━━━━━ Records to process ━━━━━

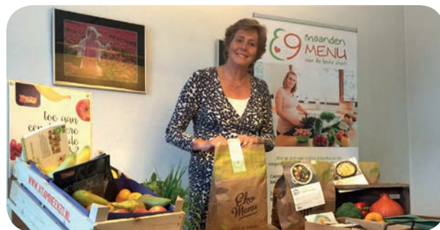
Een gezond aanbod in de verloskundige praktijk (i.s.m. Vitamine&Zo)

Pilot 1: het project '9 maanden menu' voor zwangere vrouwen gebruikt een indringende verandering in het leven, de zwangerschap, als trigger om duurzaam gezonder te gaan eten, voor zowel moeder als kind. In het project zijn specifieke recepten, tips en voedingsconcepten (o.a. bio maaltijdbox) voor zwangeren ontwikkeld met voldoende groenten en fruit. In samenwerking met zorgintermediairs (verloskundigen en diëtisten) verkent de pilot ook welke factoren een rol spelen bij de acceptatie van een gepersonaliseerde aanbod.
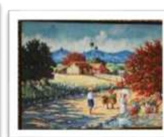
OBR-00090 AUTOR: CLAUDIO PEÑA RD$10,920.00
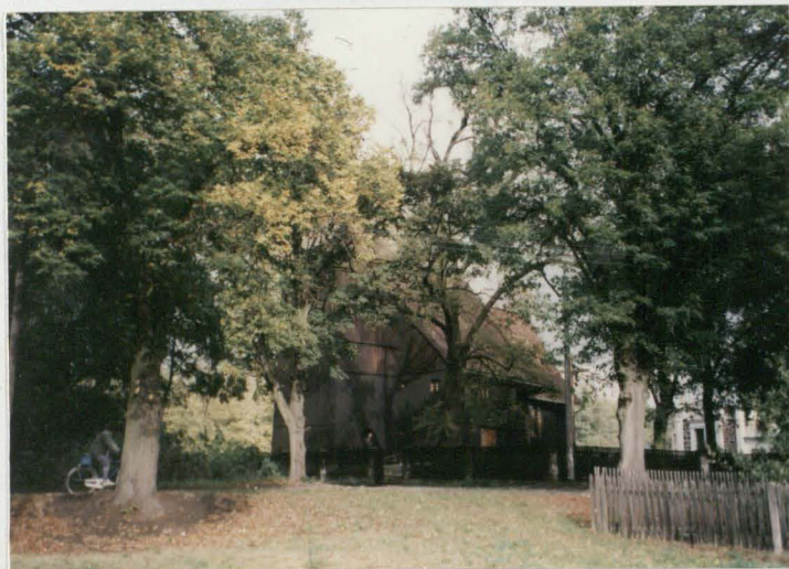
Widok ogólny z pd.-zach.
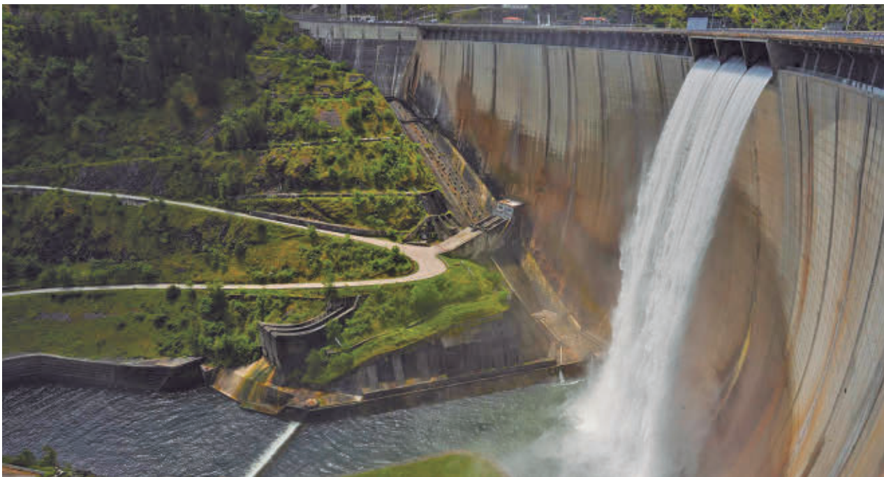
Embalse de El Atazar liberando agua
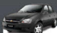
CLASSIC LS 1.0 2011 Pl. 8843 - TE/AQ R$ 19.900,
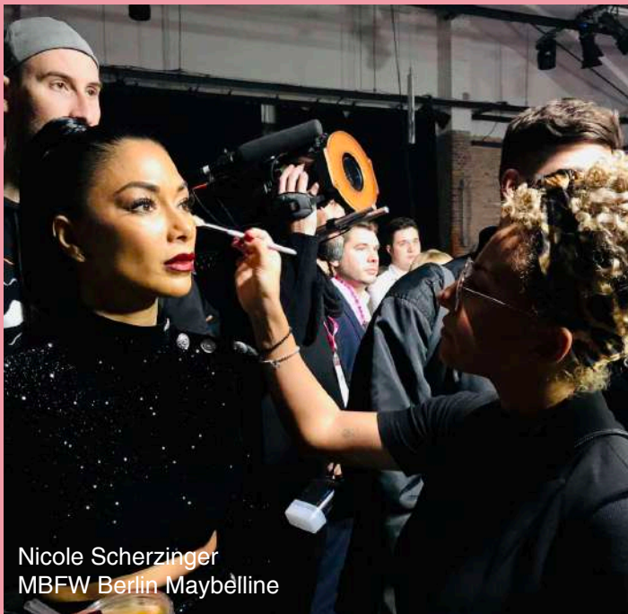
Nicole Scherzinger MBFW Berlin Maybelline
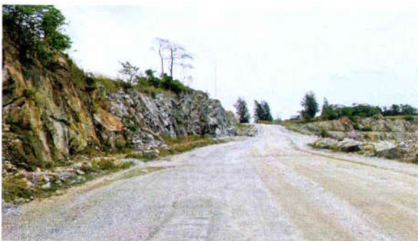
รูปที่ 5 เส้นทางถ้ำเลียงแร่ ทำหน้าที่เสมือนคันทำนบเพียงบน น้ำให้ไหลลงสู่บ่อดักตะกอน
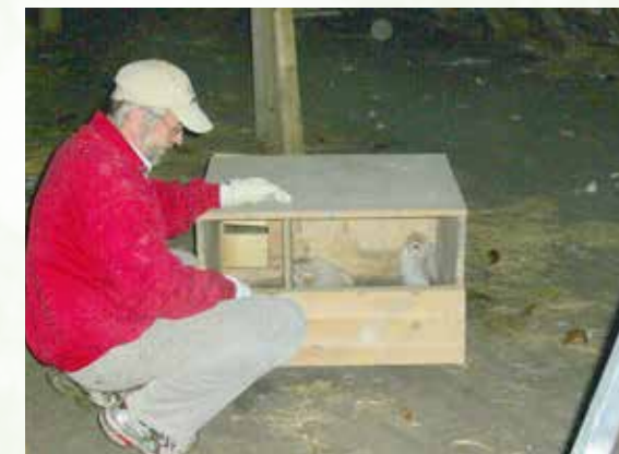
Reinigung und Wartung der Nistkästen.

Da helfen nur ausgeklügelte Strategien. So sind Schleiereulen durchaus in der Lage, derartige Verluste schnell durch eine hohe Geburtenrate (bis zu 9 Junge) in den darauffolgenden Jahren auszugleichen. Hält die Verfügbarkeit der Nahrung über einen
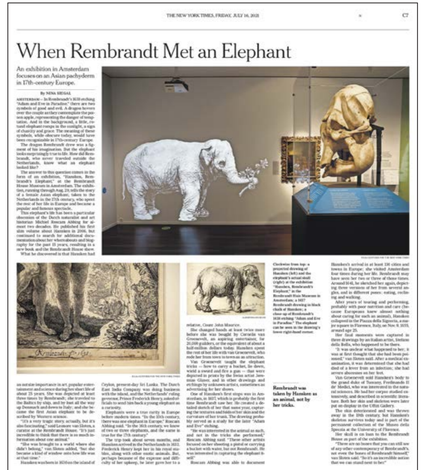
HANSKEN, REMBRANDT'S OLIFANT IN THE NEW YORK TIMES
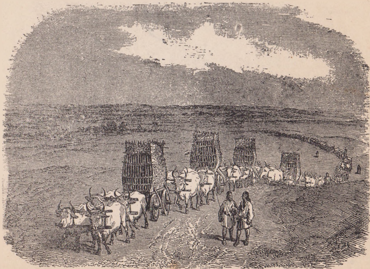
CĂRĂUȘI MOLDOVENI (după Raffet, în călătoria lui Demidoff).
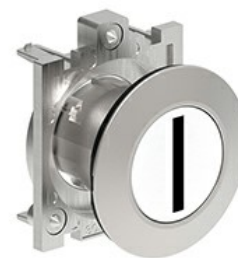
Butoane de impuls cu simboluri LPFB11
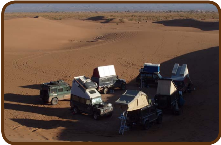
Das Camp am Erg Chegagga
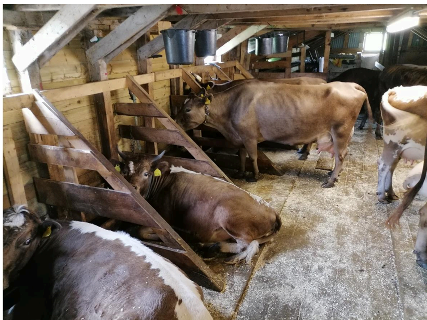
Figur 2. Fra Markesetstølen

Styremedlem Ove Søresand var på to seterbesøk der han tok bilder og dokumenterte i artikkel fra Gjengedalstølen og Markesetstølen
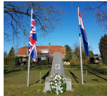
Kranslegging bij Somerset oorlogsmonument

Na het echeq van de operatie Market Garden, waarbij de geallieerde oversteek van de Rijn bij Arnhem in september 1944 mislukte, waren de geallieerden in het vroege voorjaar van 1945 vanuit het bevrijde zuiden richting Duitse grens opgeschoven. Op 24 maart staken de geallieerden bij Wesel de Rijn over om daarna vanuit Emmerik de Achterhoek binnen te vallen. Dorp voor dorp trokken de bevrijders vanaf 28 maart onze regio in. Op 31 maart waren Winterswijk, Groenlo en Aalten al bevrijd. Terwijl daar de vlaggen uitgingen, mochten even later de inwoners van onder meer Vorden, Ruurlo, Hengelo, Vierakker en Wichmond aan de vrijheid ruiken. Op Tweede Paasdag sloten de Canadezen door bij Almen, waar ze een bruggenhoofd over het Twentekanaal aanlegden. De Duitsers boden heftige weerstand en het komt tot gevechten ter hoogte van Harfsen en Laren. In de buurt van het Larense station slaan de Duitsers de Canadezen zelfs terug. Tientallen boerderijen in de omgeving van Almen en Harfsen gingen verloren. Lochem en Barchem zijn inmiddels bevrijd en vierden feest.
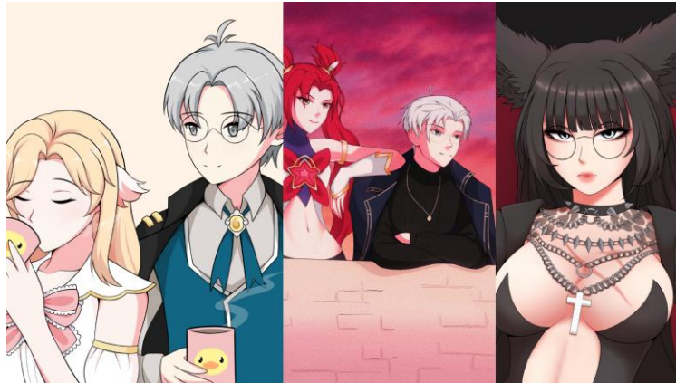
Gambar 2.5 Ilustrasi karakter untuk Eric Sanjaya dan NyxAsterion

Karya-karya yang dipaparkan diatas merupakan hasil kerjasama antara VTuber dan Rayasuni yang berupa ilustrasi karakter. Kedua VTuber tersebut memerlukan ilustrasi untuk kepentingan channel YouTube dan social media . Ilustrasi tersebut dikerjakan menggunakan gaya ilustrasi anime dan menampilkan tokoh VTuber masing-masing, yakni karakter Eric Sanjaya dan NyxAsterion. Setiap VTuber , sebagai klien, mengajukan permintaan kepada Rayasuni dengan membawa ide dan konsep awal. Melalui proses perancangan yang dilakukan, Rayasuni menerjemahkan konsep tersebut ke dalam bentuk visual yang sesuai dengan kebutuhan dan identitas klien.
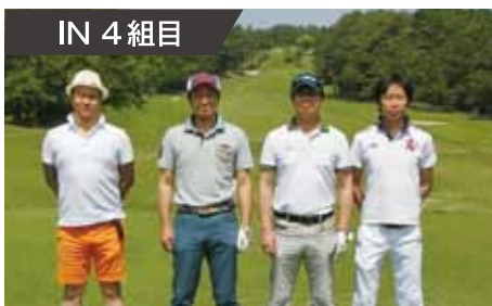
IN 4 組目
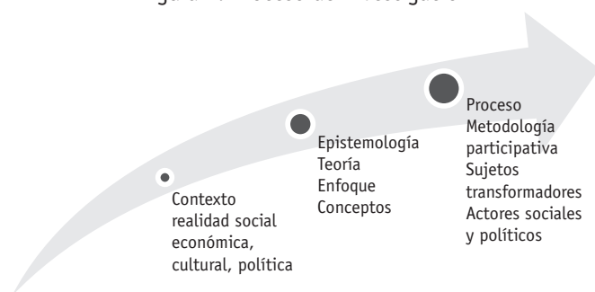
Figura 1. Proceso de investigación

que contemplan: en el primer año, la fase de documentación bibliográfica sobre métodos y metodologías en el diseño y la formulación de diagnósticos sociales para la fundamentación teórico-metodológica del proyecto. En la segunda fase, del segundo año, se planteó la revisión de experiencias novedosas en diagnósticos sectoriales o temáticos en lo social, económico, cultural o político con participación comunitaria e incidencia territorial en Bogotá y otras regiones del país. En el tercer año, la fase tercera de experiencia de formulación y aplicación de diagnóstico participativo en un territorio como experiencia piloto de validación y ajuste de la propuesta. Y para el cuarto y quinto año, fase última del proyecto, poner al servicio de las regiones la aplicación de la metodología con acompañamiento, formación y seguimiento a las poblaciones para su gestión (figura 1).
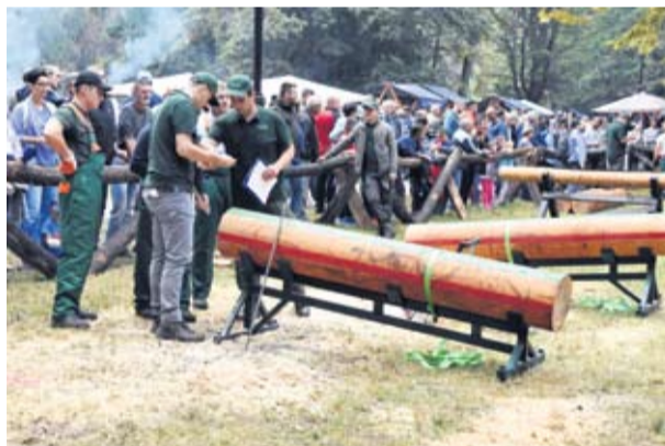
Devetnaesto izdanje festivala i ove je godine održano u prekrasnom središnjem našičkom parku

priređuju ovaj festival – rekao je Mikulić.
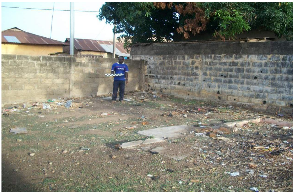
Photo 1 : Vue d'ensemble du site ( 9^{\circ} 42' 24.5'' N ; 1^{\circ} 39' 50.9'' E)
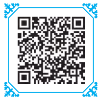
音频 《水龙吟·登建康赏心亭》
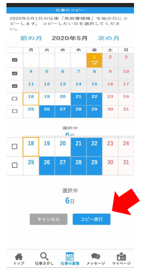
コピーで複数の日の募集
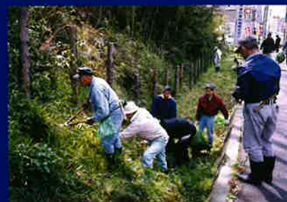
(富松城堀跡の清掃)

20年におよび富松城跡を活かしたまちづくり活動を継続して展開中の「富松城跡を活かすまちづくり委員会」と尼崎市教育委員会が協働で進めてきた富松城跡を保存し地域資産として活かす様々な取組の様子を写真パネル等で紹介します。
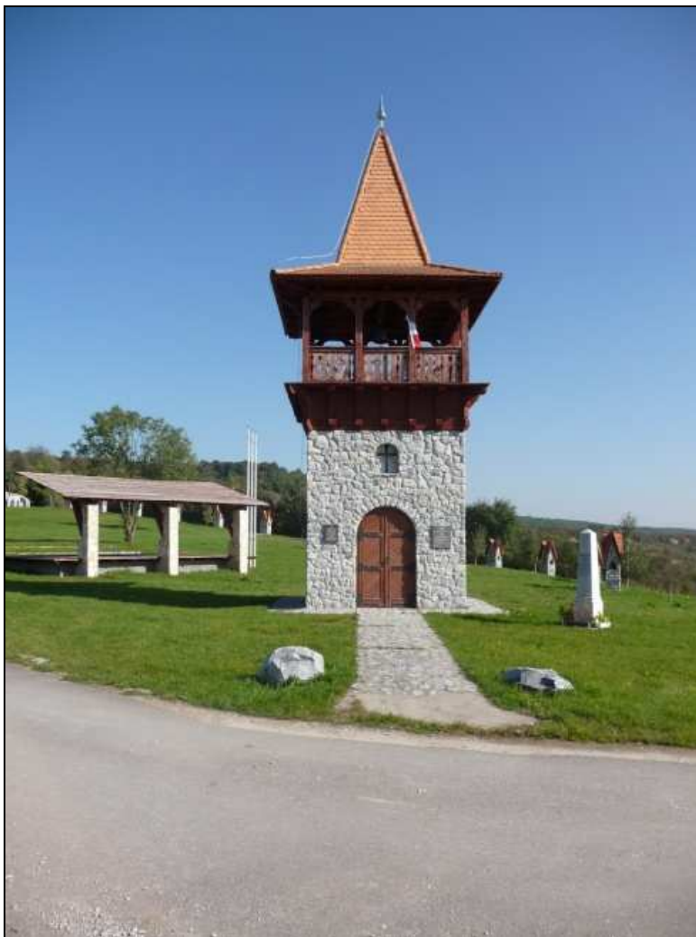
A sírelék a harangtorony mellett
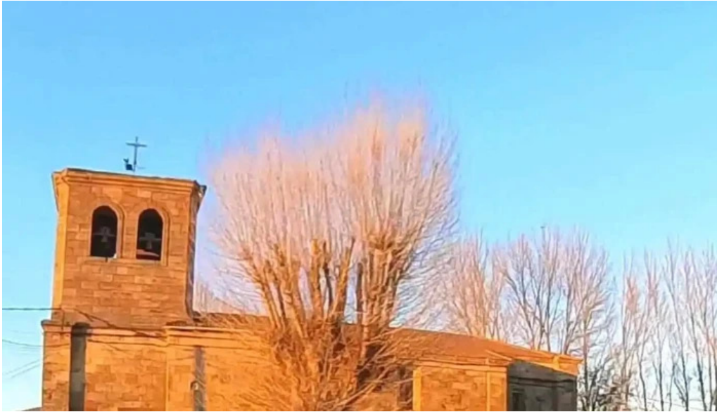
Iglesia de san martin de tours iglesia
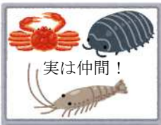
写真③(ひみつ 3) ダンゴムシは、 エビやカニの仲間

(1) 発表原こうには、どのような工夫がありますか。1〜4の中から最もふさわしいものを一つ選んで、その番号を書きましょう。
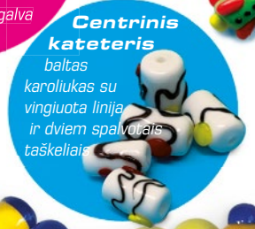
Centrinis kateteris baltas karoliukas su vingiuota linija ir dviem spalvotais taškeliams

━━━━━

→ Task goal:
Above are some entries; copy exactly the lines from the line with "Nicole Scherzinger MBFW Berlin Maybelline" through the line with "Da helfen nur", both included, but none of the pictures.

→ Output:
Nicole Scherzinger MBFW Berlin Maybelline
รูปที่ 5 เส้นทางถ้ำเลียงแร่ ทำหน้าที่เสมือนคันทำนบเพียงบน น้ำให้ไหลลงสู่บ่อดักตะกอน
Reinigung und Wartung der Nistkästen.

Da helfen nur ausgeklügelte Strategien. So sind Schleiereulen durchaus in der Lage, derartige Verluste schnell durch eine hohe Geburtenrate (bis zu 9 Junge) in den darauffolgenden Jahren auszugleichen. Hält die Verfügbarkeit der Nahrung über einen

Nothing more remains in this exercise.